**Work request:** When the line with "毎年恒例となりました【みなと区民スポーツ体育祭】が今年も開催されます。" comes up, set it down and every later line to the end of the data, exactly and without pictures.

**Data entries:**
□ □ □ □
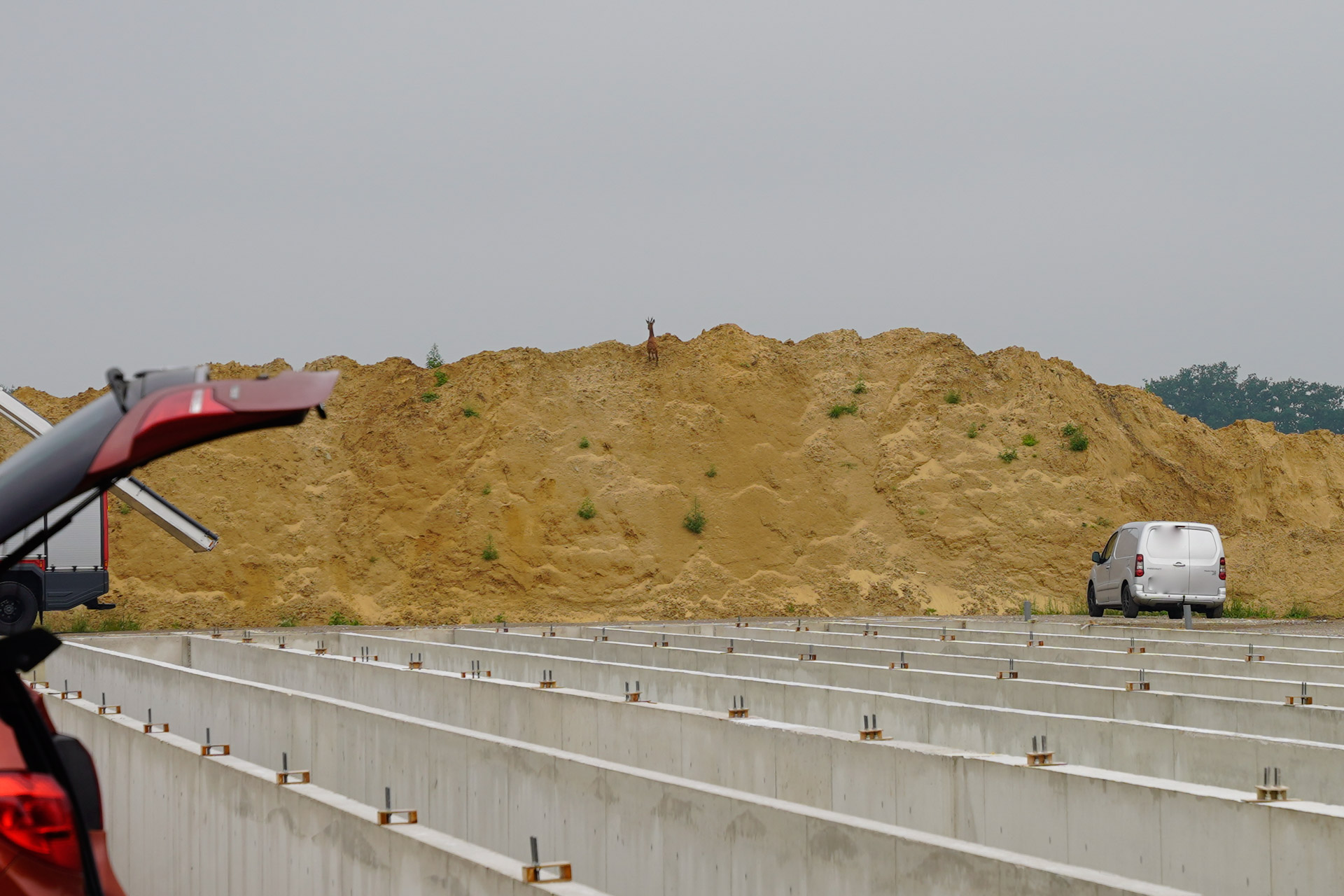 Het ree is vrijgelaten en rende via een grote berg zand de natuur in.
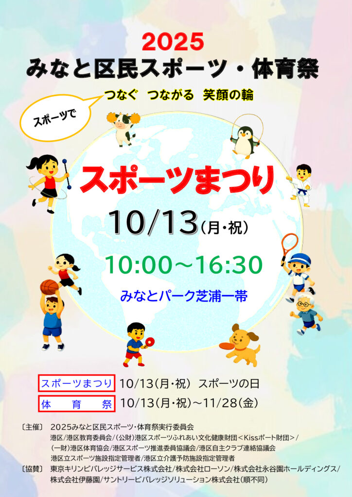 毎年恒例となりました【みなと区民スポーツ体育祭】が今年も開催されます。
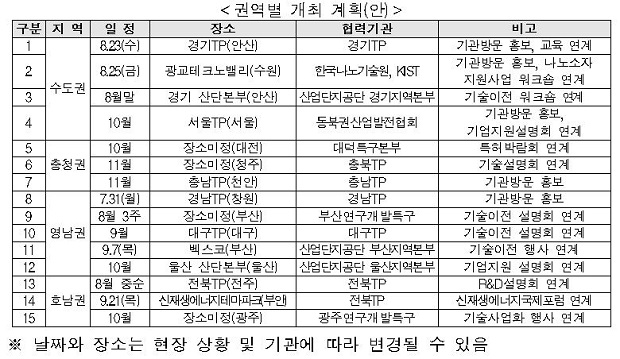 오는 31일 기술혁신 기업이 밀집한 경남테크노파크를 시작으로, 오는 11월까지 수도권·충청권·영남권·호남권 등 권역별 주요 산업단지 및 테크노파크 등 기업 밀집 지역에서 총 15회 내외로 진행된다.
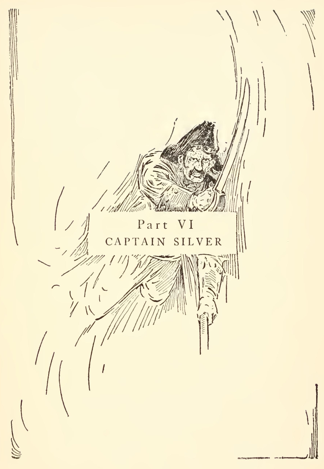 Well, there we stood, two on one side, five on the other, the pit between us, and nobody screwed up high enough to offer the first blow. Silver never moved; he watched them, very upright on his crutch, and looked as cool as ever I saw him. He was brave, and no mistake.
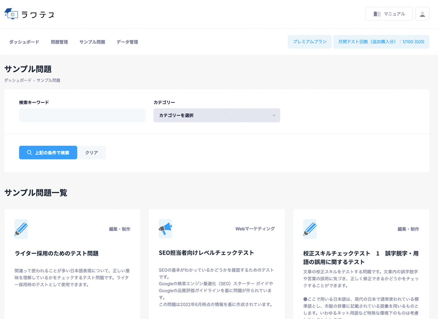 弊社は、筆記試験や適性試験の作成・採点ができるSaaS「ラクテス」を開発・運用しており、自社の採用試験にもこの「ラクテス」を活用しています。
□ □ □ □
**Solution to this task:**
 毎年恒例となりました【みなと区民スポーツ体育祭】が今年も開催されます。
 오는 31일 기술혁신 기업이 밀집한 경남테크노파크를 시작으로, 오는 11월까지 수도권·충청권·영남권·호남권 등 권역별 주요 산업단지 및 테크노파크 등 기업 밀집 지역에서 총 15회 내외로 진행된다.
 Well, there we stood, two on one side, five on the other, the pit between us, and nobody screwed up high enough to offer the first blow. Silver never moved; he watched them, very upright on his crutch, and looked as cool as ever I saw him. He was brave, and no mistake.
 弊社は、筆記試験や適性試験の作成・採点ができるSaaS「ラクテス」を開発・運用しており、自社の採用試験にもこの「ラクテス」を活用しています。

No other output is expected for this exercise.